Please output, exactly and without pictures, the lines from the opening of the listing below through the line containing "Normalized ultrasonic energy", both included.

◆ ◆ ◆ ◆ ◆

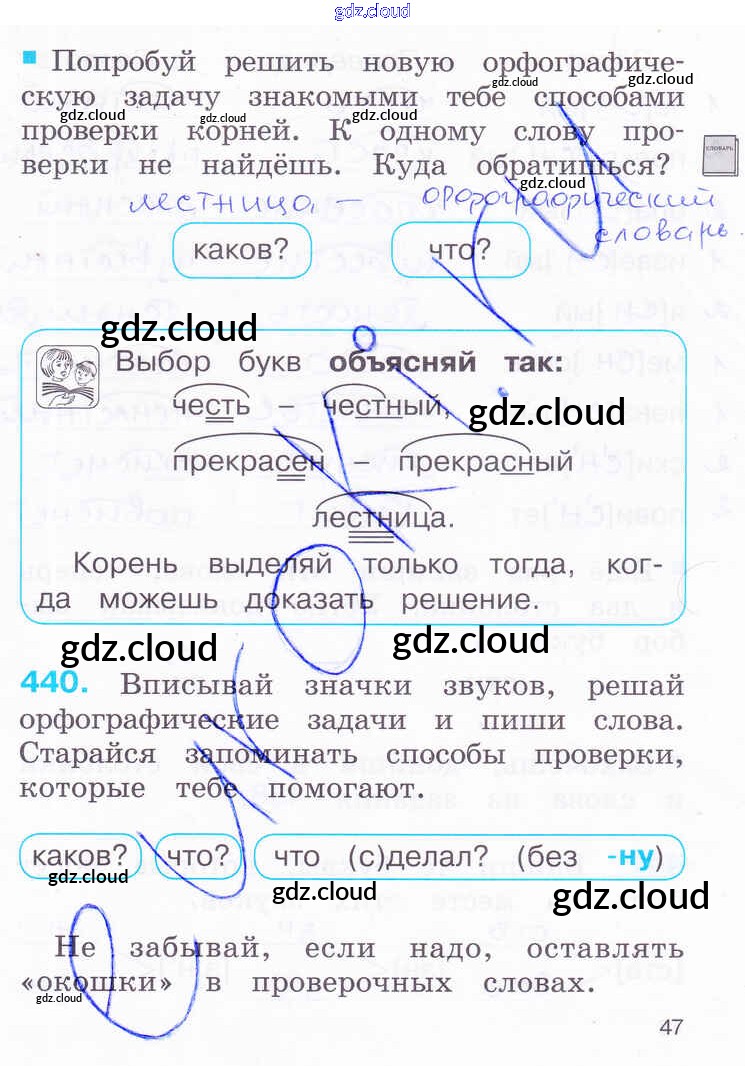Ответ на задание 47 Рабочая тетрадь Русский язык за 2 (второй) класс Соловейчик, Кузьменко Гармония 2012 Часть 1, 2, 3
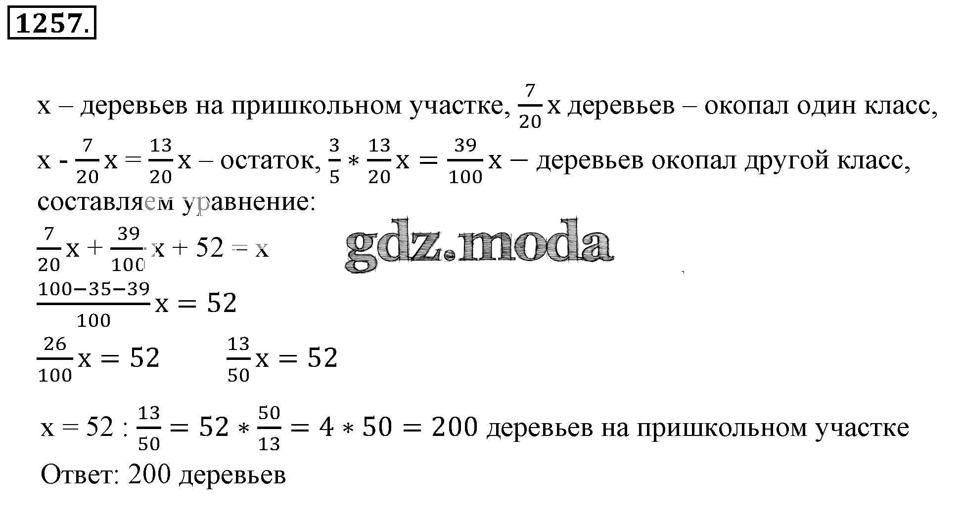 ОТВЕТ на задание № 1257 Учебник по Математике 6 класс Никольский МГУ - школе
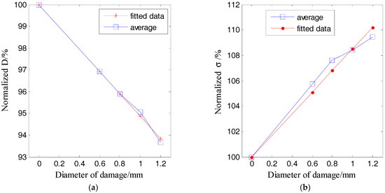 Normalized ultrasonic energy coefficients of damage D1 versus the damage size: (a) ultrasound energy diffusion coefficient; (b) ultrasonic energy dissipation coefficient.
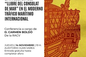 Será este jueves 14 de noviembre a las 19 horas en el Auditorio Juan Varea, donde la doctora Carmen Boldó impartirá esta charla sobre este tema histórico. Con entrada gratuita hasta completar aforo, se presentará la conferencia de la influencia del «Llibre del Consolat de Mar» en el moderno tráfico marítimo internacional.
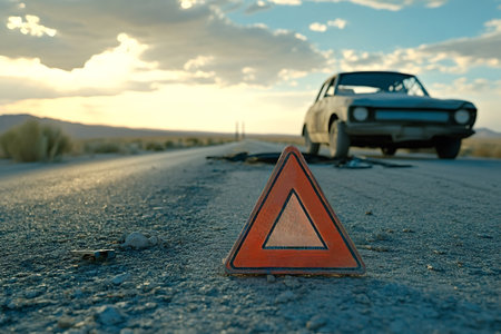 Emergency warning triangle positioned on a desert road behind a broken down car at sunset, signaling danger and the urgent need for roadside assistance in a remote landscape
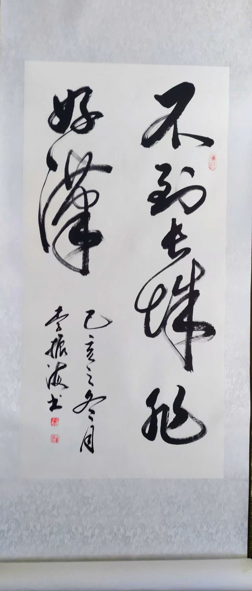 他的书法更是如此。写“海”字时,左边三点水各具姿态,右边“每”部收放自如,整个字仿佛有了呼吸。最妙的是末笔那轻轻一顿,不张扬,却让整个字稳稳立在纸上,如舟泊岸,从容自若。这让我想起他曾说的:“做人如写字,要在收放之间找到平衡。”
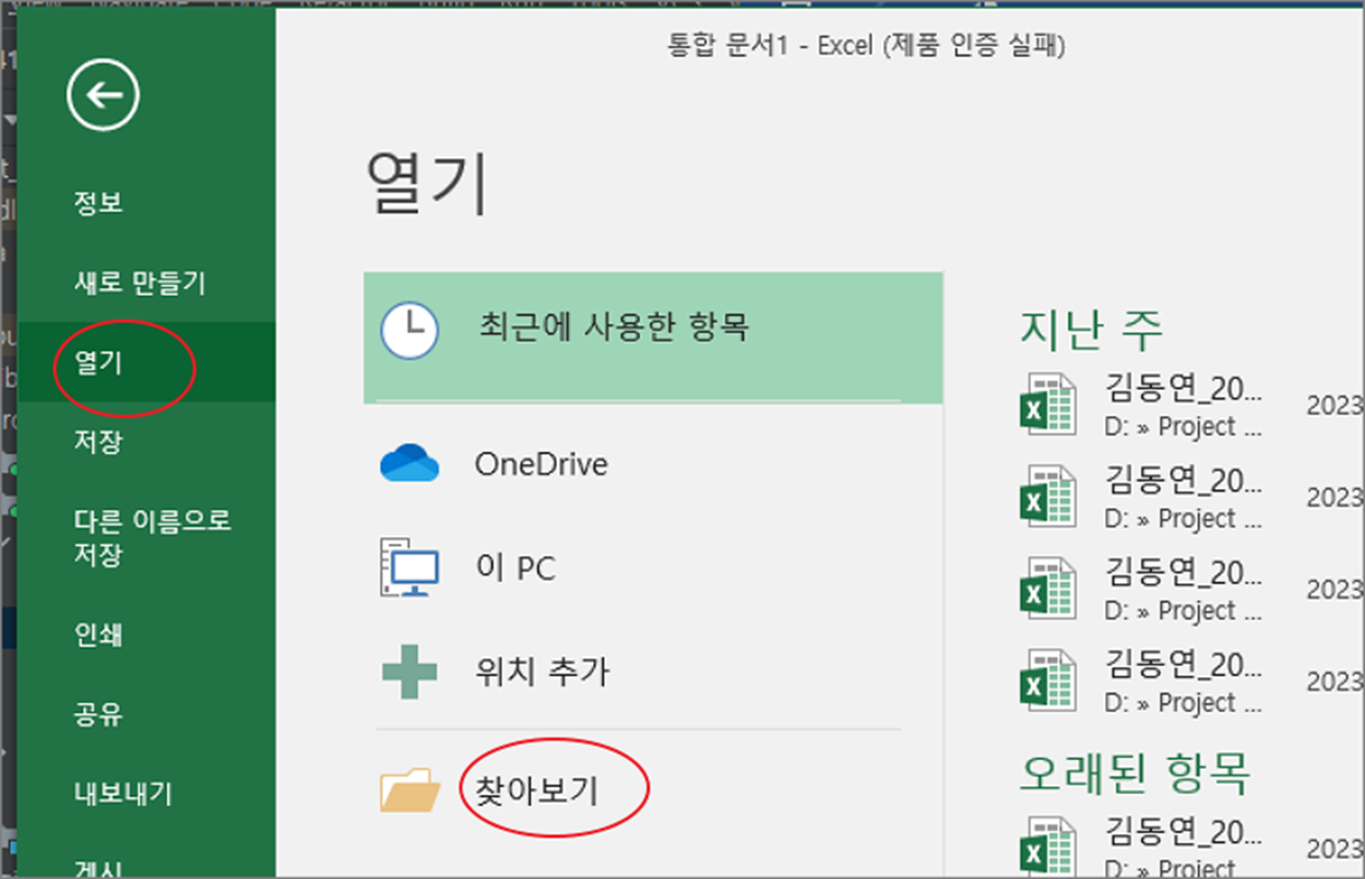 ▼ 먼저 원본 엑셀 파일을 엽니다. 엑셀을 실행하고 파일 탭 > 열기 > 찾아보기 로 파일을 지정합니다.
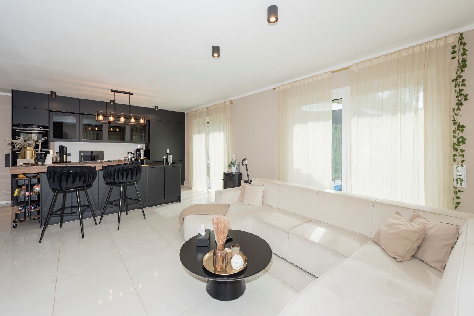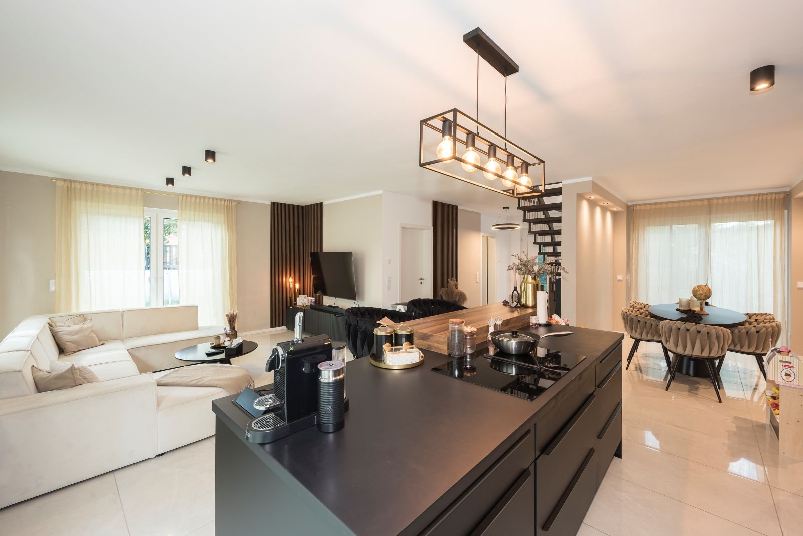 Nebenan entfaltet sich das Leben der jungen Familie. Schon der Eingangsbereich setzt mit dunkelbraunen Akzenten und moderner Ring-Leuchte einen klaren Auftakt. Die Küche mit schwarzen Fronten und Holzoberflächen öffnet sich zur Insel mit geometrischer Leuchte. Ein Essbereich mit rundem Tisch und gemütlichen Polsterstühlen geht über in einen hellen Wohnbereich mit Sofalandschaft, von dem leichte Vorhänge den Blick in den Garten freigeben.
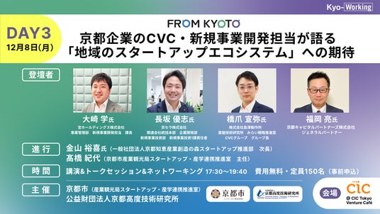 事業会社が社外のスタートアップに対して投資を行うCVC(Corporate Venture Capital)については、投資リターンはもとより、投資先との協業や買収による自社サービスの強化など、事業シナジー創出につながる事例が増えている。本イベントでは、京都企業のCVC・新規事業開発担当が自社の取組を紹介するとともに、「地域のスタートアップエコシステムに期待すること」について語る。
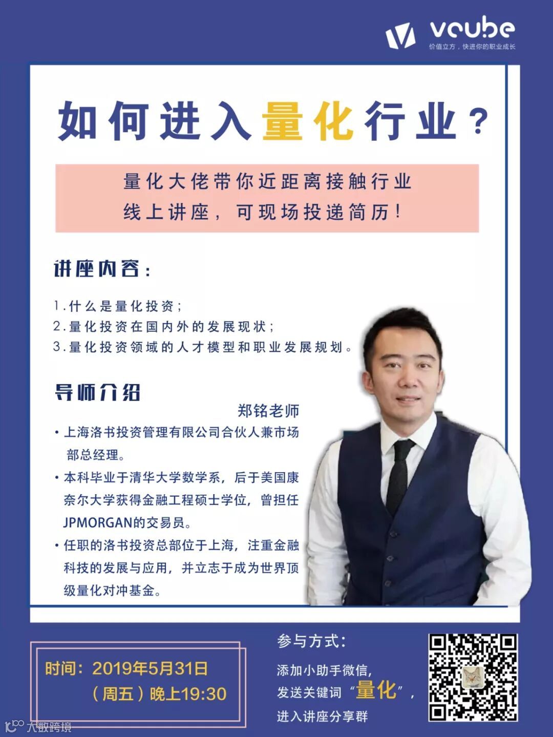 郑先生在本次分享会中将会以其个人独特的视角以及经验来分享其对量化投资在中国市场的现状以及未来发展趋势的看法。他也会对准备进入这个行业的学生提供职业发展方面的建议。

◆ ◆ ◆ ◆ ◆

__Exercise answer__.
Ответ на задание 47 Рабочая тетрадь Русский язык за 2 (второй) класс Соловейчик, Кузьменко Гармония 2012 Часть 1, 2, 3
 ОТВЕТ на задание № 1257 Учебник по Математике 6 класс Никольский МГУ - школе
 Normalized ultrasonic energy coefficients of damage D1 versus the damage size: (a) ultrasound energy diffusion coefficient; (b) ultrasonic energy dissipation coefficient.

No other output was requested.